Borrowing in foreign currencies
The basics
Interest Savings: There are significant variations in the interest rates applicable to loans denominated in different world currencies. For instance, over the past twenty years, the costs of servicing loans denominated in Swiss francs and Japanese yen have been some 40% to 75% lower than those applicable to loans in sterling. The cash flow benefits of compounding such savings over two decades will be readily apparent to any corporation or individual.
Capital Reduction of Debt: Debt reduction may also be considerable if the loan is denominated in currencies which then depreciate against sterling. All major currencies have fluctuated against one another over the years, thereby generating opportunities for debt reduction.
Single currency loans
The perils of single foreign currency loans
In recent years, many borrowers who adopted a single foreign currency loan, without the ability to switch into other currencies, have experienced a sizeable increase in their debt. In the nineteen eighties and nineties, this fate befell many UK borrowers who looked to escape double digit interest rates by taking out low cost foreign currency loans without adequately considering the exchange rate risks. Many such borrowers suffered heavy losses caused by the weakening of sterling against other currencies. This was particularly apparent during sterlings withdrawal from the Exchange Rate Mechanism in 1992, and there are even more dramatic examples.

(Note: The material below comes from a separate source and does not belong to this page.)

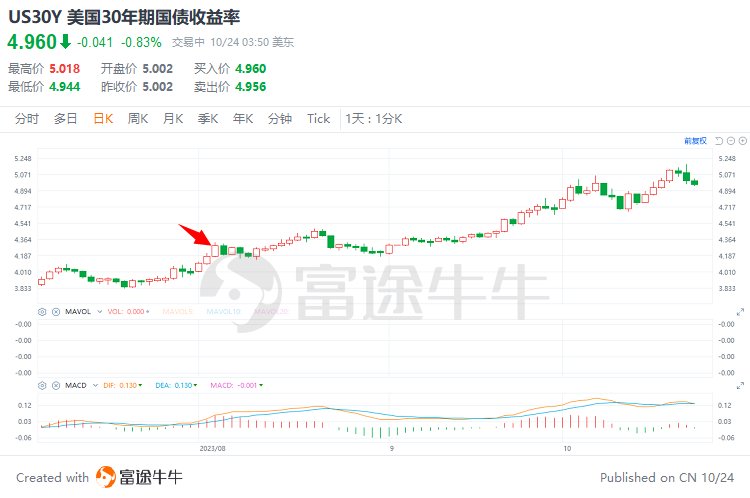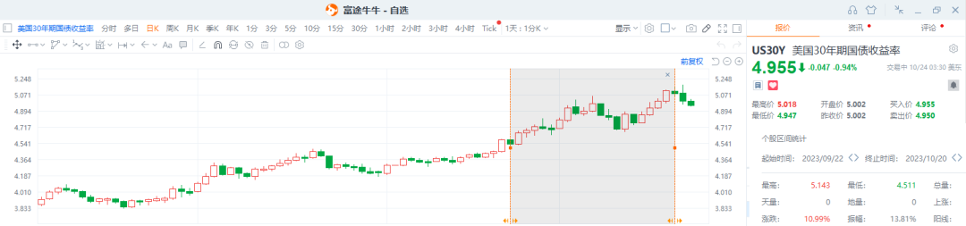 10月23日,10年期美债收益率达5.021%,续创2007年以来的新高。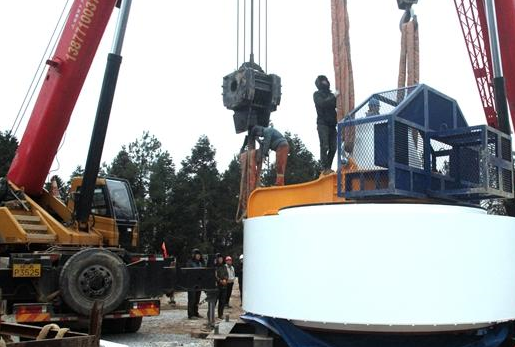 就這樣看似簡單的主機吊裝,近5個小時才好不容易完成。下一步,還將進行風機葉片的吊裝。王進逆介紹,一臺風機無論是塔筒、主機吊裝,還是葉片吊裝,都必須與天時地利人和密切相關,而且缺一不可,否則根本無法安全、順利地完成。

Such events clearly demonstrate the dangers of being locked into inflexible lending arrangements. It is our opinion that single foreign currency loans are only justifiable if the borrower has a source of income or capital in the same foreign currency. Even in this context one must consider the implications of adverse fluctuations during the term of the loan if the banks security is valued in sterling (i.e. a UK property).
Why a multi currency loan
Effective risk management of a multi-currency loan facility helps to iron out the extreme peaks and troughs associated with major currency cycles, so as to make the risk/reward ratio more acceptable to borrowers.